The reluctant democrats

Published November 6, 2013

THE Election Commission of Pakistan (ECP) is cracking under pressure; the scale of the task of organising local government elections is colossal.

In the 2005 local government elections, there were a quarter of a million candidates in over 6,000 union councils across the country. The ECP estimates that for the coming elections it needs to get 500 million ballot papers printed and outsource the production of 4.4 million magnetised inkpads, in addition to setting up the election administration machinery.

The Supreme Court wants local government elections held before the end of the year; the ECP is likely to miss the deadline or mess up the election process.

But this is probably a lesser cause for worry: the spirit underlying the local government system has already been murdered in the four provincial assemblies. The latter waged a war for decades to force the centre to shun its obsession with controlling everything and devolve power. The fruit of this effort was the passage of the 18th Amendment in 2010. But the local government laws passed by the four assemblies are proving to be a sorry anti-climax to their heroic struggle.

They may not be deficient in themselves, but the provincial laws seem to be at cross-purposes with the spirit of local government, and, in fact, appear to be undermining the very system they want to institute.

The provinces’ aversion to the local government system has a history. The system has served as the main ploy of centrists and military rulers who wanted to wrest power from the provincial assemblies. They used it to sideline provincial polities and to legitimise their rules by accessing the masses through a more manageable route. In this scheme of governance power flowed from the centre through two parallel channels — the provincial governments and the local governments, thus giving rise to rivalry between these entities.

Military rulers Ayub, Zia and Musharraf had unlimited power to change the laws and were able to design local government systems according to their own will. For the first time, the democratic provincial governments enjoy the same powers as these military rulers, and yet the systems they have designed for themselves sadly reflect the intentions of the generals. The aim is to keep power concentrated in the hands of the four ‘Islamabads’.

Each provincial government has certain weaknesses. The PPP government in Sindh refuses to accept that it is virtually non-existent in its capital city, Karachi. The PML-N in Punjab does not want to unsettle the traditional clan, family and sect alignments on which its power rests. The Pakistan Tehreek-i-Insaf in Khyber Pakhtunkhwa is, on the one hand, burdened with proving that it hasn’t already failed and, on the other, it can’t afford to let a clear verdict emerge at the grass-roots level. Their local government laws are shoddy attempts at translating their respective political expediencies into systems of governance.

Some anxieties, however, cut cross provincial boundaries. No political party can boast of even a semblance of a structure at the village and mohalla levels. At the time of general elections, they rely on village-level freelancing political brokers who offer allegiance to the highest bidder. The parties are clearly not in favour of abandoning this system of patronage. Punjab is unequivocally opposed to party-based elections while KP wants to introduce parties at a stage when the risk of its move backfiring is minimal.

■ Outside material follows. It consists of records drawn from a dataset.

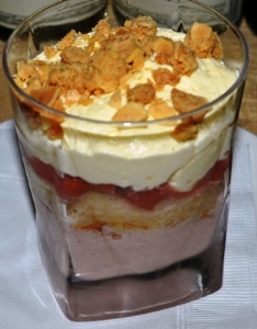Rhubarb Tiramisu with Mascarpone Mousse, Brachetto Syrup and Amaretti Crumbs.
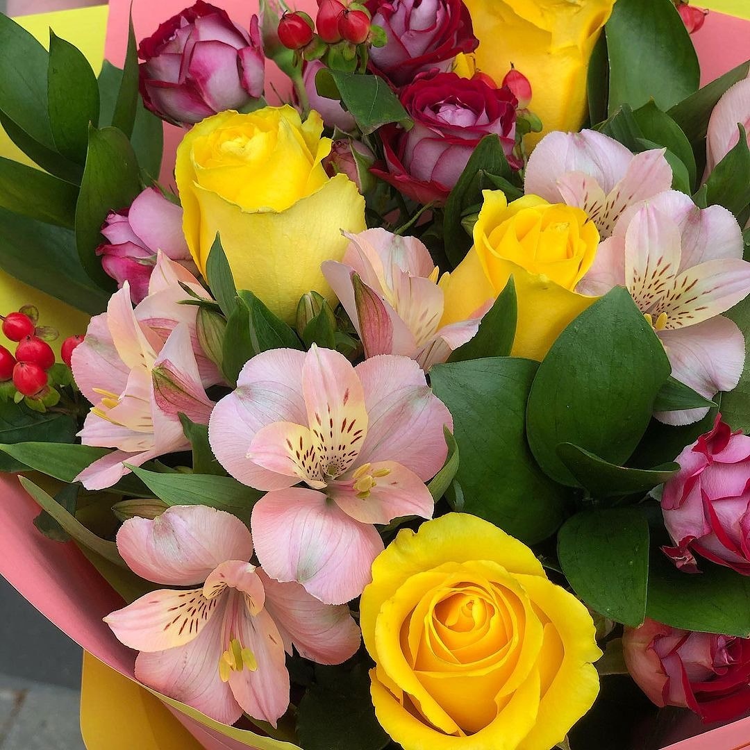 Если вы хотите купить в Полоцке или Новополоцке букет №6 Жёлтая роза, Красная Кустовая Роза и Альстромерия , вы можете
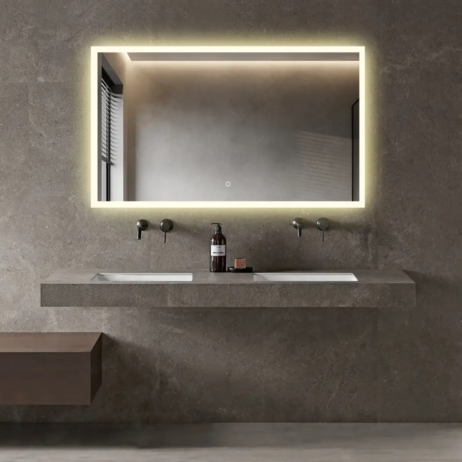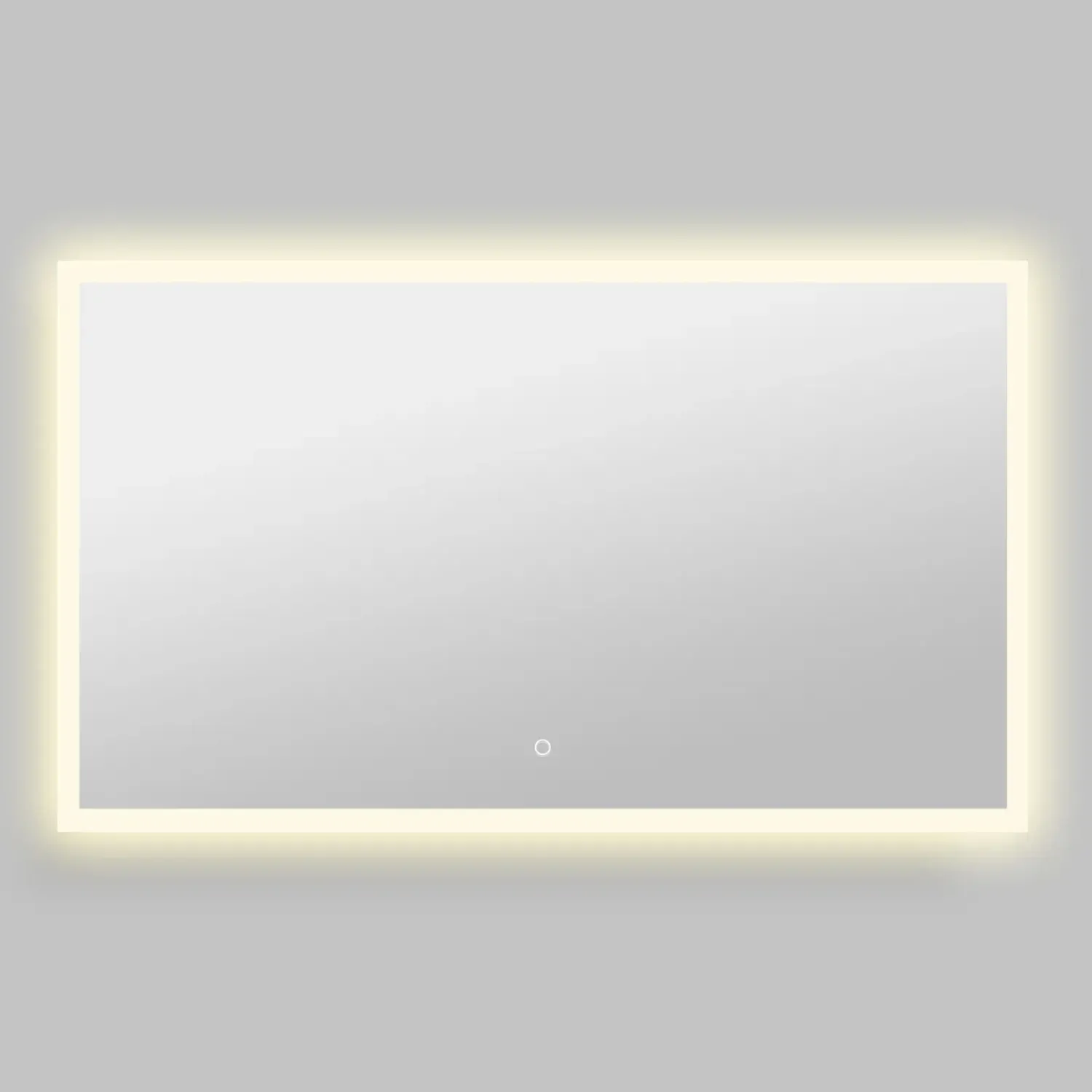 Flot spejl i 70×120 cm med frosted kant og LED lys i bagkanten. Spejlet er IP 44 godkendt, hvilket betyder at det er godkendt til brug i vådrum.
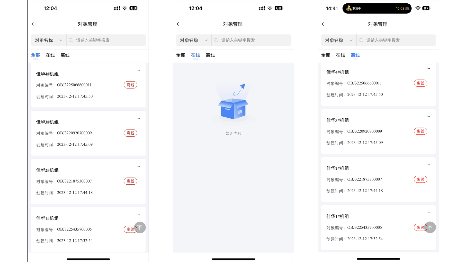 进入应用后,可以看到三个不同的视图列表,分别是,全部对象、在线对象 和 离线对象:
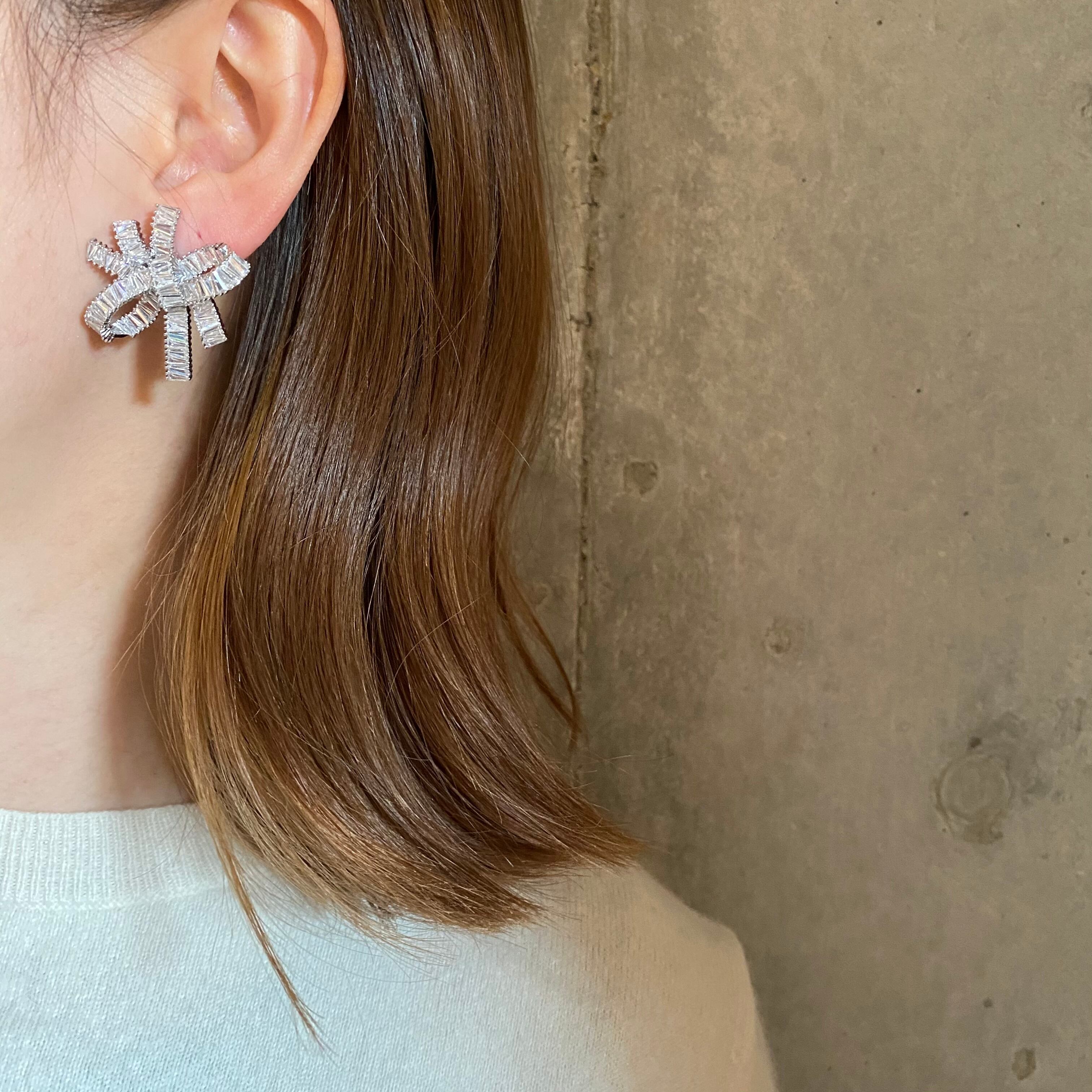 こちらのリボンピアスはとにかくキラキラします。プレゼントみたいな華やかなデザイン。リボンだけど子供っぽくなくとても存在感があります。プレゼントにも喜ばれます。
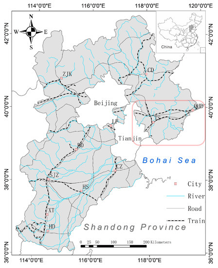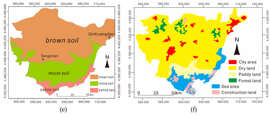 The research area is located to the east of Hebei province, bordering the Bohai Sea in the east and south, adjacent to Tianjin city in the west and the Yanshan mountain in the north, with a total area of 13,472 km2. The administrative districts belong to Tangshan (TS) and Qinhuangdao (QHD), including Zunhua, Yutian, Qianxi, Qian’an, Luanxian, Luannan, Laoting, and Tanghai. The geographical coordinates are: 117°31′–119°19′ E, 38°55′–40°28′ N. The local area is a temperate monsoon area with a continental climate. The annual average temperature is 12.3 °C, the annual average precipitation is 650 mm, and the annual evaporation is 1800 mm. The local river system is well developed and can be divided into four river systems: the Luanhe river system, the Sha and Dou river system, the Jihe river system, and the eastern coastal system (Figure 1) [29]. According to the general survey of soil in Hebei province, there are three kinds of soil types in the area, including brown soil, moist soil, and saline soil (non-wheat growing areas) (Figure 2). Jidong plain is located in the Beijing–Tianjin–Tang–Qin Bohai economic zone and is an important agricultural production and supply base in northern China that is rich in wheat, corn, and other food crops and peanuts, as well as cotton and other cash crops. In addition, industrial and mining activities are also very commonplace.

The local government laws make no bones about their fondness for indirectly elected members which will include a substantial number of members and office bearers, especially those on reserved seats.

In the previous two local government elections, all members on such seats were directly elected, implying that there are no practical difficulties involved in the matter. The new design, however, is trying to counter the dangers that elected members might pose by ensuring the presence of a substantial number of indirectly elected or nominated members.

To add insult to injury, this careful mix of directly and indirectly elected members will hardly have any powers. For example, Punjab’s law provides for a Local Government Commission comprising three members of the provincial assembly and lots of bureaucrats acting as super nannies.

The commission will have the power to inspect the functioning of local governments and launch inquiries, as well as the responsibility of organising coordination meetings between MPAs, MNAs and functionaries of the local government on matters concerning development schemes. The decisions of the commission shall be binding and it will have the power to ask the provincial government to suspend or remove a functionary.

It is more than evident that provincial polities have failed to resolve their grudge against local governments. They continue to see them as rival institutes and as a necessary evil instead of as an excellent opportunity to make politics more relevant to the people.

Such thinking can lead to bigger disasters in governance. The situation becomes grimmer if one factors in the challenges that the state is currently facing. A recurrent theme underlying the major political and social happenings is the state’s loss of governance space to non-state actors, as evident in the northwest, Balochistan and Karachi. Besides the weakness of its writ, the limits of the state’s outreach also stand exposed when it comes to performing even basic functions; eg, its inability to administer polio drops to all children under five.

Add to this some basic demographic facts. Pakistan is the sixth most populous country; Punjab has more inhabitants than Germany, KP more than the three Scandinavian welfare states put together and New Zealand is comparable in population to Rawalpindi district.

Pakistan’s demographic and geographic challenges make local governments an unavoidable and vital step for developing a modern state. The colonial model of rule through bureaucracy cannot take us forward. It is, in fact, part of the problem and no amount of embellishment, howsoever democratic in appearance, can make it deliver good governance.

The writer works with Punjab Lok Sujag, a research and advocacy group. He recently compiled a compendium on Pakistan’s electoral history since 1970.